# aim on nozzles for wipers



## L7jr (Apr 28, 2005)

Iv'e noticed recently that the nozzles on my altima on the driver side are aimed incorrectly. The nozzle has two holes...the left hole shoots too low and it sprays my inspection and registration stickers and the right hole sprays the very top of my windshield. It sprays so high that my moonroof gets sprayed. I was wondering if anyone knew if there was a way to re-aim the nozzles without going to the dealer. I was thinking of trying a bent paperclip but I don't want to damage the nozzle. Thanks, David


----------



## aaron629 (May 4, 2005)

*stick a needle*

I never tried it before but try sticking a needle in the hole and moving it around. If you screw it up just buy some new ones.


----------



## Asleep (Jan 19, 2003)

aaron629 said:


> I never tried it before but try sticking a needle in the hole and moving it around. If you screw it up just buy some new ones.
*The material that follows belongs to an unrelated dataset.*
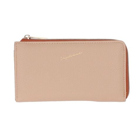 【デザイン性と利便性を両立】収納力があり、使いやすいシンプル設計。「しぼ合皮L字ファスナーウォレット」が登場。【L字ファスナーでサッと開く】ガバッと大きく開くL字ファスナー構造。取り出しやすいのも嬉しいポイント。【現金派にうれしい設計】お札・小銭・カードすべてが一目で見えるワイドな開き。会計時にストレスフリーな使い心地。【たっぷり収納で整理しやすい】内側や外側にポケットを多数配置。マチ付きだからお札やレシートもすっきり収まる収納力!【かさばらないスリムさ】薄マチ構造で、カバンの中でかさばらないスリムさも魅力の一つ。【上品な見た目とやさしい手ざわり】シボ感のある柔らかな合皮素材。ゴールドのロゴやファスナーが上品さをプラス。

exactly what i was going to say. try using the smallest sewing needle you can use so you dont jam some of the white corrosion too far into the nozzle.


----------



## L7jr (Apr 28, 2005)

AsleepAltima said:


> exactly what i was going to say. try using the smallest sewing needle you can use so you dont jam some of the white corrosion too far into the nozzle.


thanks im going to try it and let you know if it works


----------



## aaron629 (May 4, 2005)

*hope it works*

Good hope it works.


----------



## tcratboy321 (Apr 11, 2005)

same thing i just did with my alty...i just used the tip of a nail, and moved and tested and moved and tested an well you get the point...works like a charm now


----------



## Asleep (Jan 19, 2003)

tcratboy321 said:


> same thing i just did with my alty...i just used the tip of a nail, and moved and tested and moved and tested an well you get the point...works like a charm now


so it looks like you found this board too? 


so... is the original problem in this thread solved?


----------



## tcratboy321 (Apr 11, 2005)

^^^ lol ..yup


----------



## L7jr (Apr 28, 2005)

tcratboy321 said:


> ^^^ lol ..yup



thanks for all the input i was the original person who started this thread and i used the smallest sewing needle i could find and it worked it took a total of like 5-10 minutes ot get the nozzles the way i wanted 
thanks again david


----------



## Asleep (Jan 19, 2003)

good stuff.


----------